Molecular Interaction and Magnetic Dipole Effects on Fully Developed Nanofluid Flowing via a Vertical Duct Applying Finite Volume Methodology

Abstract

Interpreting the complex interaction of nanostructured fluid flow with a dipole in a duct, with peripherally uniform temperature distribution, is the main focus of the current work. This paper also sheds light on the changes in the Nusselt number, temperature profiles, and velocity distributions for the fully developed nanofluid flow in a vertical rectangular duct due to a dipole placed near a corner of the duct. A finite volume approach has been incorporated for the numerical study of the problem. It is interesting to note the unusually lower values of the Nusselt number for the higher values of the ratio Gr/Re.

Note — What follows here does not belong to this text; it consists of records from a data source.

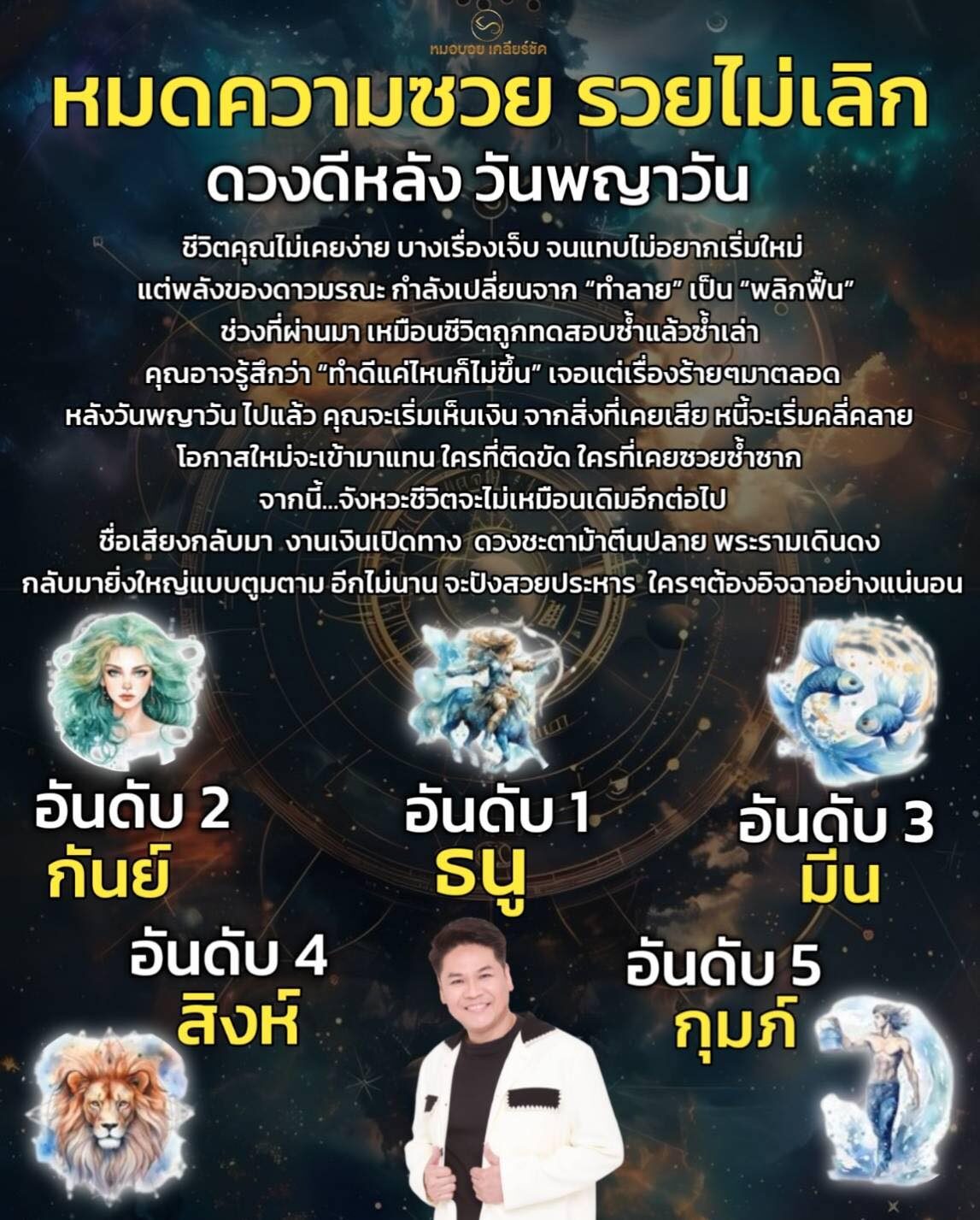 สำหรับ 5 อันดับราศี ประกอบด้วย อันดับ 1 ราศี ธนู อันดับ 2 ราศีกันย์ อันดับ 3 ราศีมีน อันดับ 4 ราศีสิงห์ อันดับ 5 ราศีกุมภ์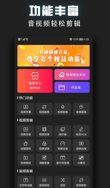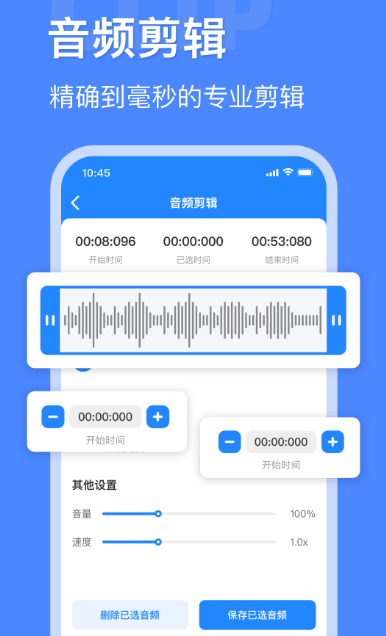 涵盖音频混合、拼接、提取等多项实用功能,支持高清录音及主流格式输出,如MP3等,适用于各类音频处理任务,随时随地完成高质量声音创作。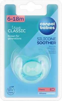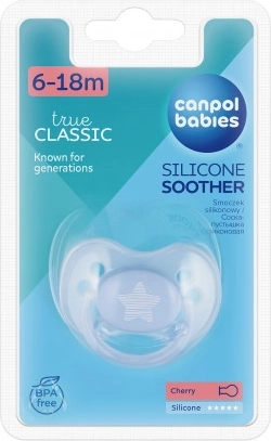 Silikonska duda PASTELS je izdelana iz prozornega silikona, ki je popolnoma brez okusa in vonja. Duda ne vsebuje BPA. V pakiranju 1 kos. Prednosti dud Canpol babies: dobro se odzračujejo; o tem se lahko prepričate s stiskom cuclja (te lastnosti ne podcenjujte – slabo odzračevanje dudo vodi v deformacijo neba in ugriza otroka). Prezračevalne odprtine v ščitniku omogočajo prost pretok zraka, odvajanje sline in tako preprečujejo draženje kože okoli ust. Varnostni obroč na dudi je trdno pritrjen, otroku omogoča udoben oprijem, staršem pa lažje pripenjanje klipa ali verižice za dudo. Dude so na voljo v privlačnih pastelnih barvah in domiselnih dizajnih. Dopolnite dudo z etuijem za dudo v enakem dizajnu. Navodila za uporabo: Pred prvo uporabo dudo iz higienskih razlogov sterilizirajte v vreli vodi približno 5 minut. Po ohladitvi iztisnite preostalo vodo iz dude. Pred vsako uporabo dudo temeljito operite v topli vodi. Ne uporabljajte antibakterijskih ali kemičnih čistil. Pretirana uporaba čistil lahko poškoduje plastične dele. Nikoli ne namakajte dude v sladke snovi ali zdravila – otroka izpostavljate nevarnosti nastanka okvar sklenine. Dudo uporabljajte največ 1–2 meseca, nato jo iz higienskih in varnostnih razlogov zamenjajte. Če dudo otroku potegne v usta, NE PANICIRAJTE – zasnovana je tako, da je otrok ne more pogoltniti, zato jo lahko varno odstranite iz ust. Dudo odstranjujte čim bolj previdno. Hranite jo v čistem, suhem in zaprtem etuiju. Priporočamo, da dud ne uporabljate pri otrocih, starejših od 3 let. Pomembno! Za varnost in zdravje vašega otroka! Pred vsakim ponudbo otroku preverite kakovost dude. Preverite kakovost cuclja s temeljitim raztezanjem v vse smeri. Ob prvih znakih poškodb dudo takoj zavrzite in je ne uporabljajte več. Uporabljajte le takšne klipse in verižice za dudo, ki ustrezajo zahtevam standarda EN 12586. Nikoli ne pripenjajte dude na različne vrvice, vezalke ali trakove oblačil – otrok se lahko zaduši. Dude ne puščajte na neposredni sončni svetlobi, v bližini vira toplote ali v razkužilnih sredstvih dlje, kot je priporočeno – to lahko oslabi cuclj. Odstranjen pokrov hranite izven dosega otroka – s tem preprečite morebitno zadušitev. Duda ustreza zahtevam: Direktiva Evropskega parlamenta in Sveta 2001/95/ES o splošni varnosti proizvodov. EN 1400-1 Izdelki za nego otrok – Dude za dojenčke in majhne otroke – Del 1: Splošne varnostne zahteve in informacije o izdelku. EN 1400-2 Izdelki za nego otrok – Dude za dojenčke in majhne otroke – Del 2: Mehanske zahteve in preskusi. EN 1400-3 Izdelki za nego otrok – Dude za dojenčke in majhne otroke – Del 3: Kemične zahteve in preskusi.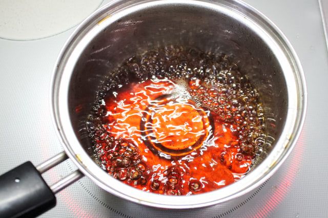 3の工程をもう一度繰り返します。具を取り除いた煮汁を強めの中火で1分ほど加熱しました。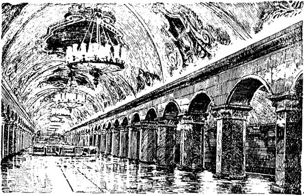 Станции Московского метрополитена представляют собой чрезвычайно интересные сооружения. Они интересны и архитектурно — красотой своих форм и отделкой — и технически — новизной своих конструкций. С точки зрения архитектуры — это в подлинном смысле слова «подземные дворцы». Но в этих «подземных дворцах» исчезает впечатление и представление о подземелье, о большой глубине, об окружающих сооружение плывучих грунтах и водах. Они просторны, ярко освещены, облицованы прекрасным мрамором и цветными плитками. Заметим, что на облицовку только десяти станций первоочередной линии Сокольники — Парк культуры и отдыха было употреблено пятьдесят тысяч квадратных метров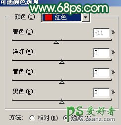 12、创建可选颜色调整图层,对红色进行调整,参数设置如图17,效果如图18。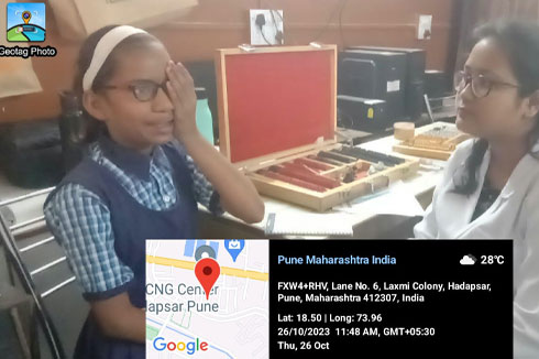 An eye screening camp was organized by Suzlon One Earth in association with Community Eye Care Foundation (Dr. Gogate’s Eye Clinic) and BV(DU) School of Optometry at Kalawati Kotwal Madhyamik Vidyalaya, Hadapsar, Pune on 26th October, 2023.
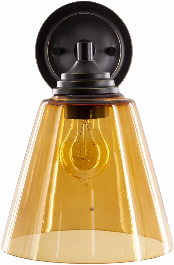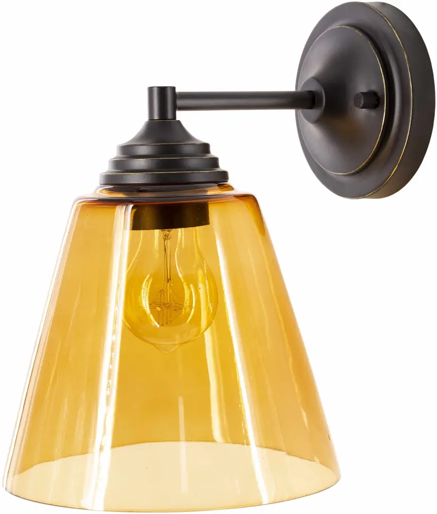 Collection: Chobham Colors: Mustard, Dark Red Material: Fixture: Glass,Fixture: Iron Styles: Southwestern Made In: China Lighting Type: Wall Sconce Base Color: Bronze, Amber Shade Color: AmberAmber Hanging Method: Rod Cord Length: 4' Number of Bulbs: 1 Socket Type: E-26 Bulb Wattage: 40W

Due to the nanostructure in the fluid, an enhancement in the Nusselt number has been noted, which is strongly supported by the magnetic field caused by the dipole. However, as the duct shape is transformed from rectangular to square, the Nusselt number is reduced remarkably. Further, as the dipole is brought nearer to the duct corner, the Nusselt number increases significantly. On the other hand, the flow reversal in the middle of the duct has been noted at higher values of the ratio Gr/Re. The dipole is noted to have a low impact on the reversal flow as well as on the temperature distribution.